Now, we can pass the input to lstm_cell, and check the new state:

In [None]:
with tf.variable_scope("LSTM_sample1"):
    output, state_new = lstm_cell(sample_input, state)
sess.run(tf.global_variables_initializer())
print (sess.run(state_new))

As we can see, the states has 2 parts, the new state c, and also the output h. Lets check the output again:

In [None]:
print (sess.run(output))

<a id="stacked_ltsm"></a>
<h2>Stacked LSTM</h2>

In [None]:
sess = tf.Session()

In [None]:
input_dim = 6

In [None]:
cells = []

In [None]:
LSTM_CELL_SIZE_1 = 4 #4 hidden nodes
cell1 = tf.contrib.rnn.LSTMCell(LSTM_CELL_SIZE_1)
cells.append(cell1)

In [None]:
LSTM_CELL_SIZE_2 = 5 #5 hidden nodes
cell2 = tf.contrib.rnn.LSTMCell(LSTM_CELL_SIZE_2)
cells.append(cell2)

In [None]:
stacked_lstm = tf.contrib.rnn.MultiRNNCell(cells)

In [None]:
# Batch size x time steps x features.
data = tf.placeholder(tf.float32, [None, None, input_dim])
output, state = tf.nn.dynamic_rnn(stacked_lstm, data, dtype=tf.float32)

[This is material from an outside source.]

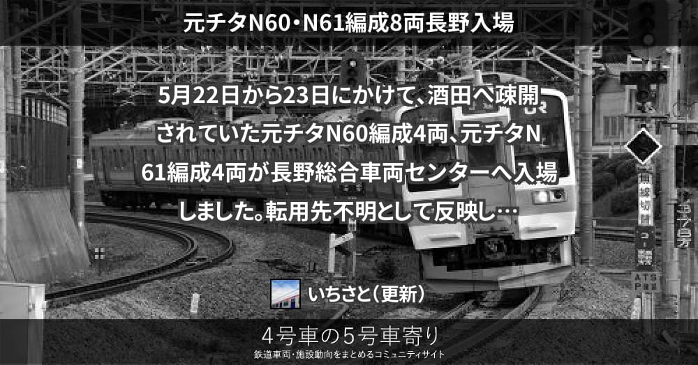 5月22日から23日にかけて、酒田へ疎開されていた元チタN60編成4両、元チタN61編成4両が長野総合車両センターへ入場しました。転用先不明として反映していますが、新潟以外考えにくいので、近いうちにその旨、変更していこうと思います。
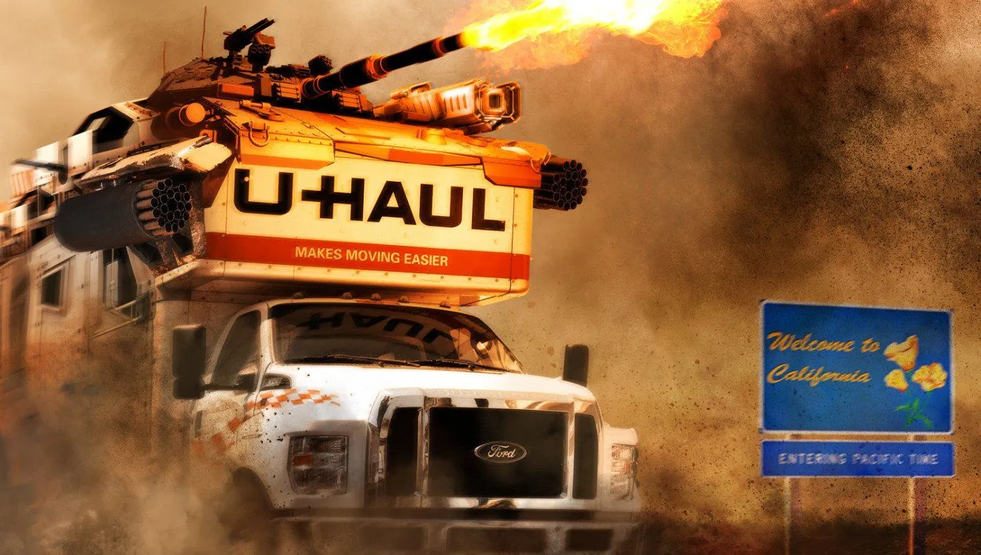 To help meet the demand of millions of people desperately trying to escape the dark, ravaged wasteland of California, U-Haul is introducing a new product in its moving van line-up: the War Rig. These weaponized, armored moving vehicles will ensure you and your belongings stay safe during the long and perilous journey out of the state.

Lets say the input sequence length is 3, and the dimensionality of the inputs is 6. The input should be a Tensor of shape: [batch_size, max_time, dimension], in our case it would be (2, 3, 6)

In [None]:
#Batch size x time steps x features.
sample_input = [[[1,2,3,4,3,2], [1,2,1,1,1,2],[1,2,2,2,2,2]],[[1,2,3,4,3,2],[3,2,2,1,1,2],[0,0,0,0,3,2]]]
sample_input

we can now send our input to network, and check the output:

In [None]:
output

In [None]:
sess.run(tf.global_variables_initializer())
sess.run(output, feed_dict={data: sample_input})

The output is of shape (2, 3, 5), which corresponds to our 2 batches, 3 elements in our sequence, and the dimensionality of the output which is 5.